The North Sea oil price that serves as a benchmark for millions of barrels of physical crude transactions each day will from next year be set partly through buying and selling of U.S. cargoes, triggering a rush for many parts of the market to be ready in time.

Starting next summer, S&P Global Platts will incorporate West Texas Intermediate into its Dated Brent benchmark. The move rubber stamps a proposal the company put forward in December, which it said found widespread support among market participants.

Dated Brent is used to set more than two-thirds of the world’s physical oil prices and, through a complex web of associated derivatives, ultimately influences where Brent oil futures trade.
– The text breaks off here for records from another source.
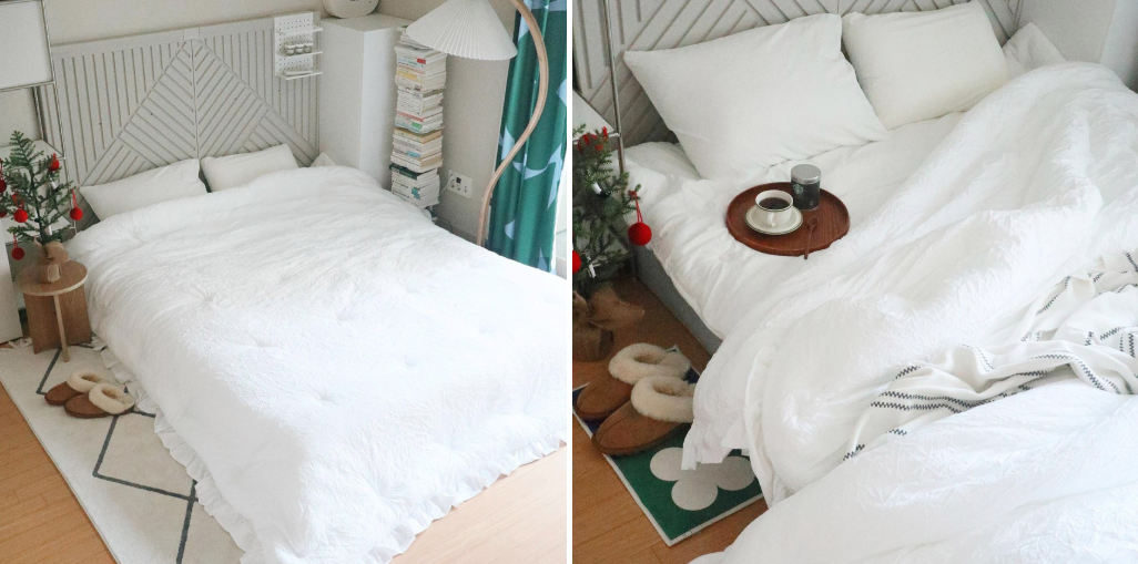 화이트 크리스마스를 기대하며, 포근하고 더 도톰한 화이트 이불로 교체했어요! 호텔 침구와 먼지 없는 러그로 유명한 #엠시베딩 제품이라 더욱 기대가 컸는데요!역시는 역시👍🏻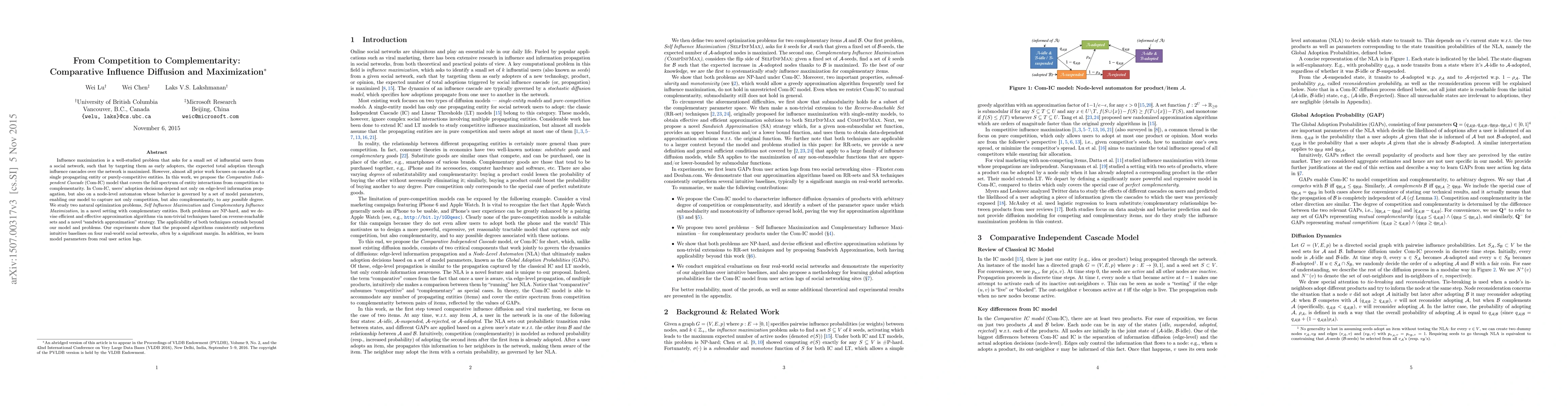 This paper introduces the Comparative Independent Cascade (Com-IC) model to capture both competitive and complementary interactions in influence diffusion across social networks. It proposes efficient algorithms for Self Influence Maximization and Complementary Influence Maximization, demonstrating their effectiveness through experiments on real-world social networks.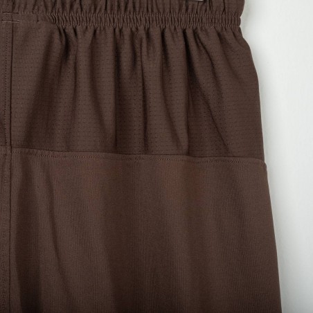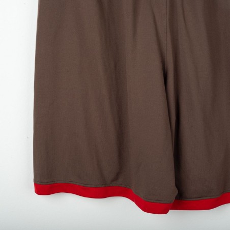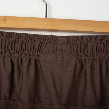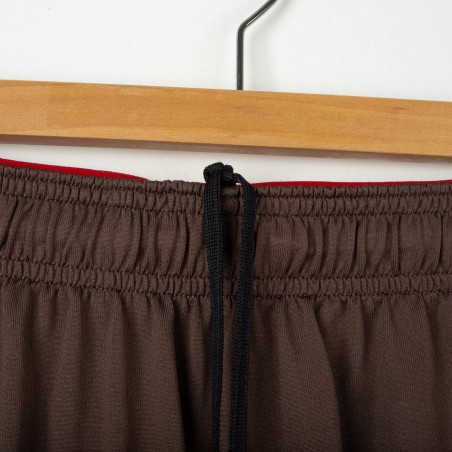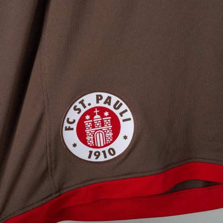 Official FC St. Pauli home shorts from the 2017/2018 season, made by Under Armour. Brown design with red trim on the bottom hem. Club crest stitched on the right leg, Under Armour logo embroidered on the left under the printed white number 3. Elastic waistband with adjustable drawstring and red inner band featuring "Under Armour" branding. HeatGear technology ensures lightness, breathability, and comfort. Regular fit. Medium Size.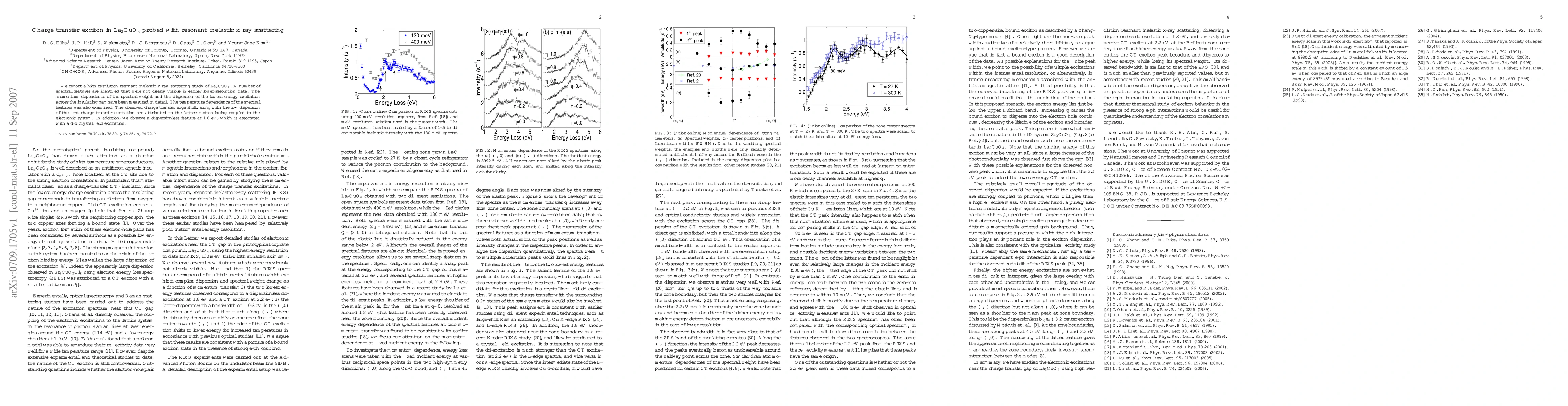 This study uses high-resolution resonant inelastic x-ray scattering to analyze La2CuO4, identifying new spectral features, including a low-dispersion charge-transfer exciton linked to lattice motion, and a dispersionless d-d crystal field excitation at 1.8 eV.

While the changes reflect the growing importance of U.S. crude internationally, they will also have significant implications for the benchmark itself, as well as associated derivatives.

“The overwhelming feedback that we’ve had is WTI is a great idea, how do we make it work,” said Joel Hanley, head of crude and fuel oil pricing at Platts.

Until now, Dated has been based on trading of barrels pumped out of North Sea fields. The addition of WTI will mean a wider pool of cargoes can influence the benchmark. The move applies to July-loading cargoes and will be reflected in Platts assessments in June.

The changes will require an overhaul of the trading terms that have underpinned the North Sea oil market for decades. Parts of the market are governed by a set of general contractual rules—known as Shell UK 1990. Those will have to be changed, and a working group will be established to introduce the new terms.

Platts also tweaked from some elements of its original proposal. It had suggested the publication of a loading program for cargoes of U.S. crude available in the North Sea. Instead, sellers will now declare their shipments as available for sale when the cargo has loaded.